WHAT THIS TASK INVOLVES: Produce a word-for-word copy of the lines from the one that contains "Letní klobouček značky" to the final line of the data below, with all pictures dropped.

PROVIDED INFORMATION:
⁂

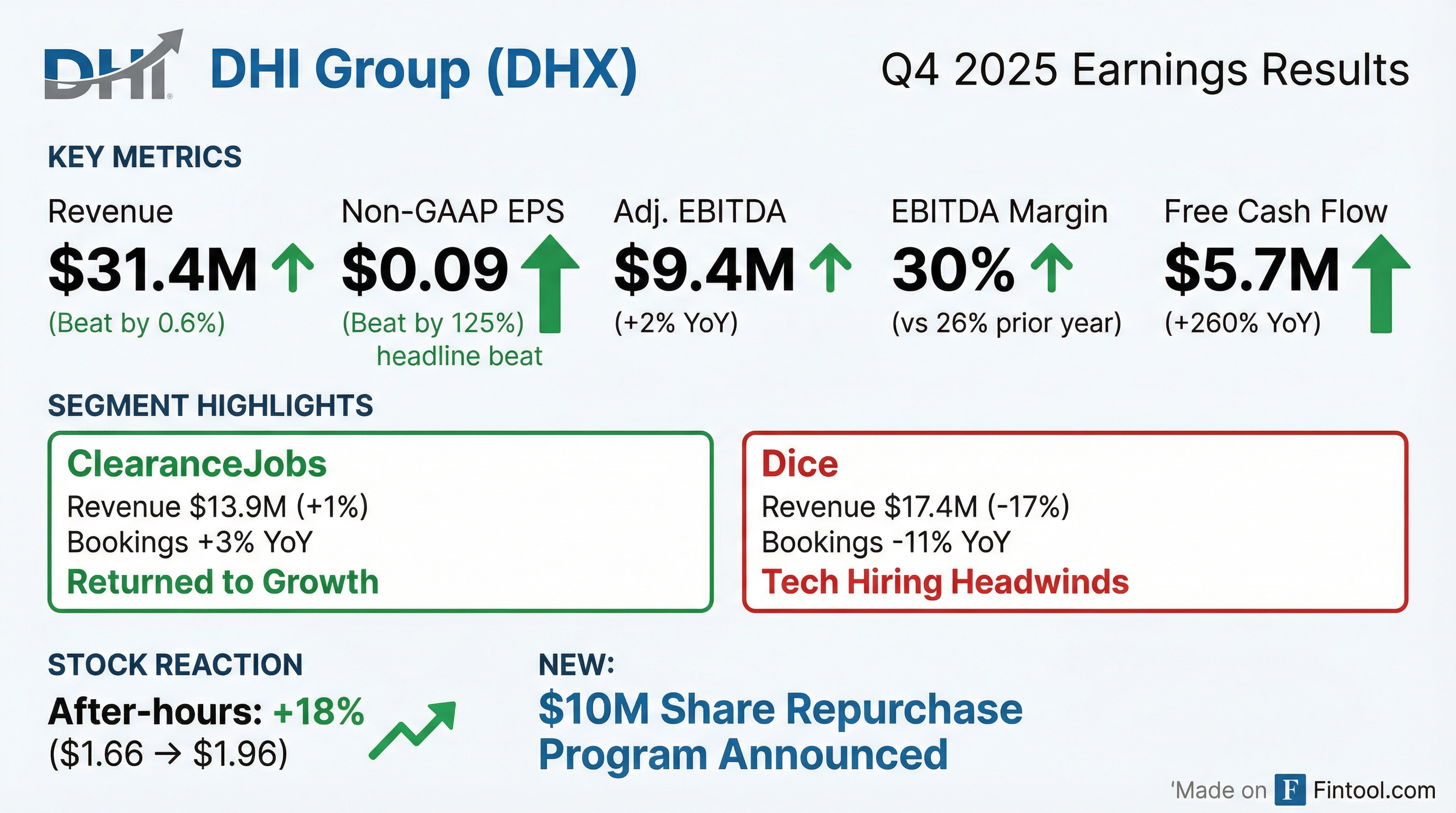 - DHI Group reported net income of $1.3 million ($0.03 per diluted share) and Adjusted EBITDA of $9.4 million (30% margin) for Q4 2025. Free cash flow for the quarter was $5.7 million, contributing to a full-year 2025 free cash flow of $13.8 million.
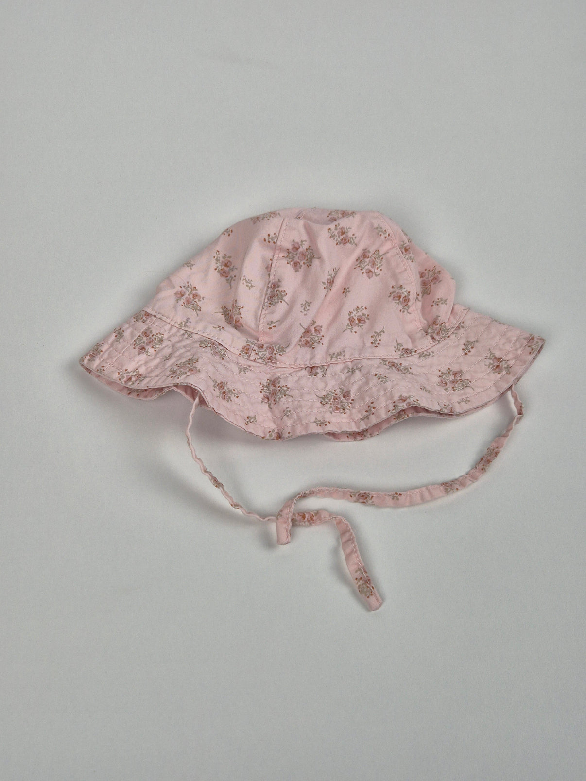 Letní klobouček značky H&M ve velikosti 62/68. Světle růžový podklad zdobí drobný květinový vzor v jemných tónech, který působí romanticky a něžně. Klobouček má širší okraj pro lepší ochranu před sluncem a praktické šňůrky na zavazování pod bradou, aby dobře držel na místě. Perfektní doplněk pro malé holčičky na slunečné dny.
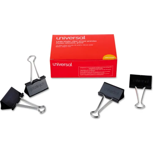 Universal® Large Binder Clips, Steel Wire, 1" Capacity, 2" Wide, Black/Silver, Dozen
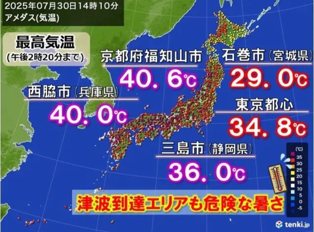 לצד הצונאמי, יפן הגיעה ל-40 מעלות בפעם הראשונה השנה
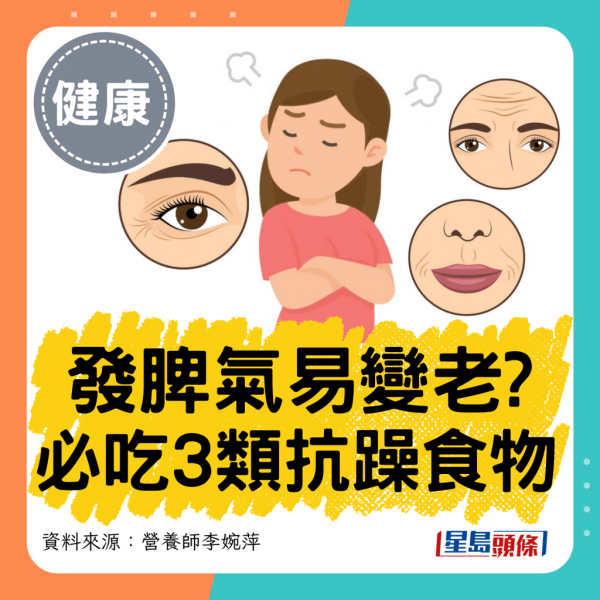 【抗衰老食物/情緒維他命】易怒發脾氣原來不只傷「心」更傷身,加速衰老!與其面對壓力與挑釁時,勉強自己想開一點,不如從飲食入手幫助「抗躁」。有營養師公開了3大類抗煩躁食物,幫助心情變靚,減少因憤怒而導致的衰老速度,穩定情緒抗衰老,由內而外保持心境平和;這1款常吃水果竟然也有上榜?
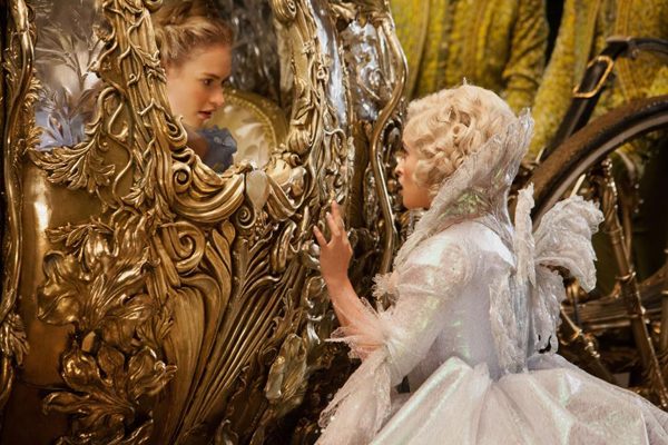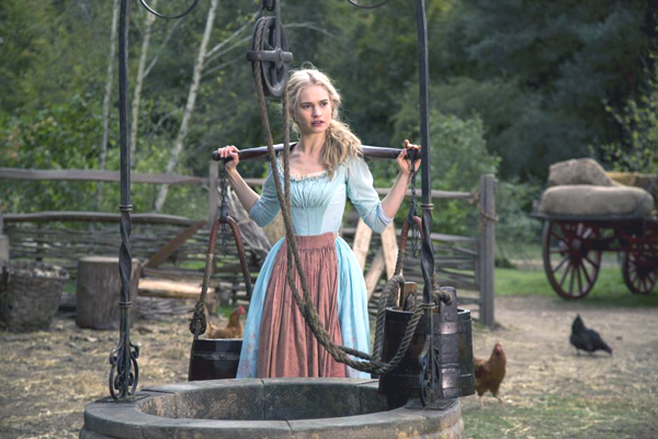 The film’s introduction shows Ella as a child as she finds that her mother is gravely ill. On her death bed she tells Ella that she should always be kind and have courage. Ella’s father raises her into late teens (Lily James), but missing the love he once had from her mother decides to wed the newly widowed Lady Tremaine (Cate Blanchett). With her two daughters Anastasia (Holliday Grainger) and Drisella (Sophie McShera), Lady Tremaine moves into the huge house. After some time Ella’s father goes to sea and never returns, thus setting up Ella’s new stepmother as her guardian.

⁂

RESPONSE AREA:
 Letní klobouček značky H&M ve velikosti 62/68. Světle růžový podklad zdobí drobný květinový vzor v jemných tónech, který působí romanticky a něžně. Klobouček má širší okraj pro lepší ochranu před sluncem a praktické šňůrky na zavazování pod bradou, aby dobře držel na místě. Perfektní doplněk pro malé holčičky na slunečné dny.
 Universal® Large Binder Clips, Steel Wire, 1" Capacity, 2" Wide, Black/Silver, Dozen
 לצד הצונאמי, יפן הגיעה ל-40 מעלות בפעם הראשונה השנה
 【抗衰老食物/情緒維他命】易怒發脾氣原來不只傷「心」更傷身,加速衰老!與其面對壓力與挑釁時,勉強自己想開一點,不如從飲食入手幫助「抗躁」。有營養師公開了3大類抗煩躁食物,幫助心情變靚,減少因憤怒而導致的衰老速度,穩定情緒抗衰老,由內而外保持心境平和;這1款常吃水果竟然也有上榜?
 The film’s introduction shows Ella as a child as she finds that her mother is gravely ill. On her death bed she tells Ella that she should always be kind and have courage. Ella’s father raises her into late teens (Lily James), but missing the love he once had from her mother decides to wed the newly widowed Lady Tremaine (Cate Blanchett). With her two daughters Anastasia (Holliday Grainger) and Drisella (Sophie McShera), Lady Tremaine moves into the huge house. After some time Ella’s father goes to sea and never returns, thus setting up Ella’s new stepmother as her guardian.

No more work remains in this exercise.